# Homework10

Exercises with text processing and NLP modeling

## Goals

- Understand similarities and differences between the processes of working with text, images and tabular data
- Practice with different methods of encoding and modeling text data
- See different methods for extracting information or patterns from text datasets

### Setup

Run the following 2 cells to import all necessary libraries and helpers for this homework.

In [1]:
!wget -q https://github.com/PSAM-5020-2025S-A/5020-utils/raw/main/src/data_utils.py
!wget -q https://github.com/PSAM-5020-2025S-A/5020-utils/raw/main/src/text_utils.py

In [2]:
import matplotlib.cm as cm
import matplotlib.pyplot as plt

from sklearn.cluster import KMeans
from sklearn.decomposition import PCA
from sklearn.feature_extraction.text import CountVectorizer, TfidfVectorizer

from data_utils import display_silhouette_plots, object_from_json_url
from text_utils import get_top_words

You can tell it's gonna be a good homework from the number of imports.
# 🙃

## Have protein, need seasoning

Let's create a model to help us season our foods. In the end, what we want is a model that receives a short list of ingredients and returns a list of seasonings or complementary ingredients for our original ingredients list.

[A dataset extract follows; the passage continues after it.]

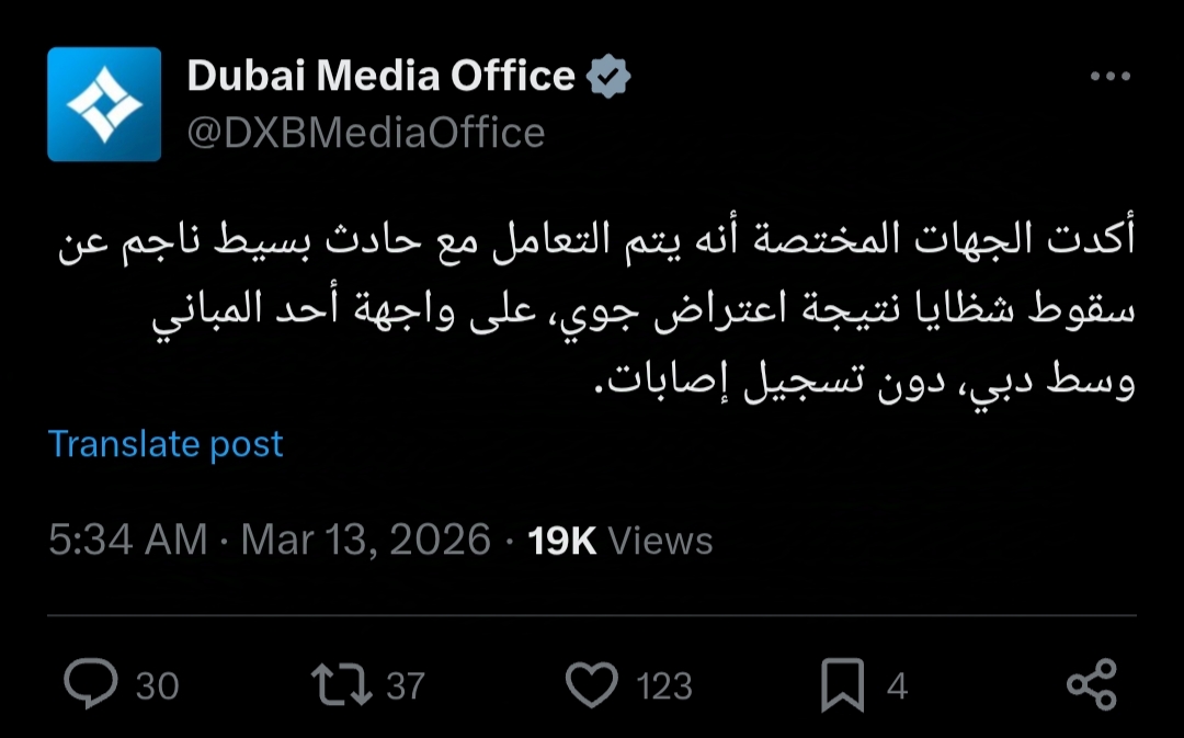 وقال المكتب الإعلامي لحكومة دبي في منشور على حسابه بموقع التواصل الاجتماعي "إكس": "أكدت الجهات المختصة أنه يتم التعامل مع حادث بسيط ناجم عن سقوط شظايا نتيجة اعتراض جوي، على واجهة أحد المباني وسط دبي، دون تسجيل إصابات".
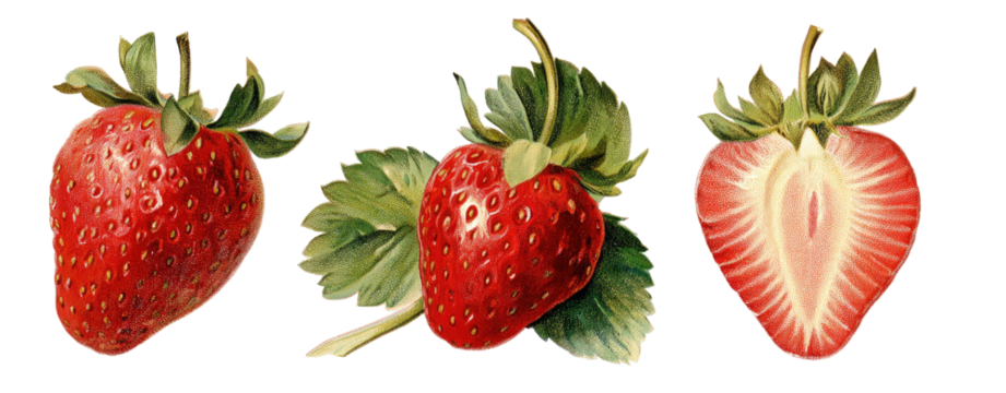 A juicy array of strawberries halved and whole pop against a stark black backdrop

In order to do that we need a dataset of recipes. We'll load that into a text dataset where each recipe is a document and the ingredients are our document *tokens*.

Let's take a look at the recipe dataset and become familiar with the data and how it's organized.

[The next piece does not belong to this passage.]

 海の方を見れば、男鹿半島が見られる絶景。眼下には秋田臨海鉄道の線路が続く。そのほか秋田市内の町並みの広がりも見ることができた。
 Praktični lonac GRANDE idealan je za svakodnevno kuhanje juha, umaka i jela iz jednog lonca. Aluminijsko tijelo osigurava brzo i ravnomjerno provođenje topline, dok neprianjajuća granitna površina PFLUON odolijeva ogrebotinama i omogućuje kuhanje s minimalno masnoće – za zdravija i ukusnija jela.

We'll load our recipes and do a bit of exploratory data analysis to look for patterns first to see if this kind of modeling makes any sense.

### Load Data

Here's our dataset. Let's load it into an object for inspection:

In [3]:
DATAPATH = "https://raw.githubusercontent.com/PSAM-5020-2025S-A/5020-utils/refs/heads/main/datasets/text/recipes"
recipes_obj = object_from_json_url(f"{DATAPATH}/recipes_min16.json")

### Look at Data

How's the data organized?

How many recipes do we have?

Do all recipes have the same number of ingredients?

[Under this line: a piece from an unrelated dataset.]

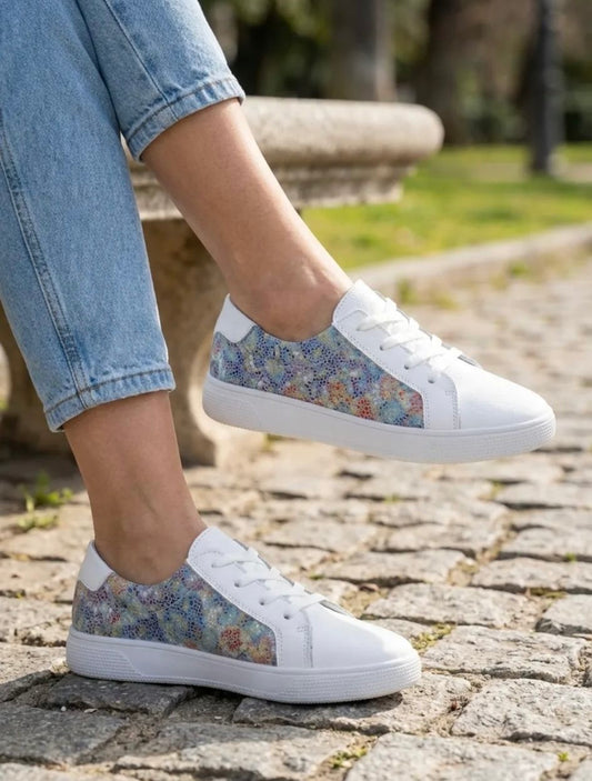 Chaussures baskets basses en cuir blanche imprimé floral multicolore dans des tons pastel

Anything else stand out about the data?

In [None]:
# TODO: Look at Data here
print(f"Shape of recipes_obj: {len(recipes_obj)}")
print(f"First recipe: {recipes_obj[0]}")



# TODO: How many recipes

# TODO: How many ingredients do the shortest and longest recipes have?
# Find recipes with min and max number of ingredients
min_recipe = min(recipes_obj, key=lambda x: len(x['ingredients']))
max_recipe = max(recipes_obj, key=lambda x: len(x['ingredients']))

print("\nRecipe with fewest ingredients:")
print(min_recipe)
print(f"\nNumber of ingredients: {len(min_recipe['ingredients'])}")

print("\nRecipe with most ingredients:")
print(max_recipe) 
print(f"\nNumber of ingredients: {len(max_recipe['ingredients'])}")


### Create Input Features

Our dataset doesn't really have to be a `DataFrame` here. It can, but it doesn't have to be.

Each recipe right now is described as a list of ingredients, but what we really want is a list of *sentences*, where each *sentence* is a Python `string` with all of the ingredients for a given recipe.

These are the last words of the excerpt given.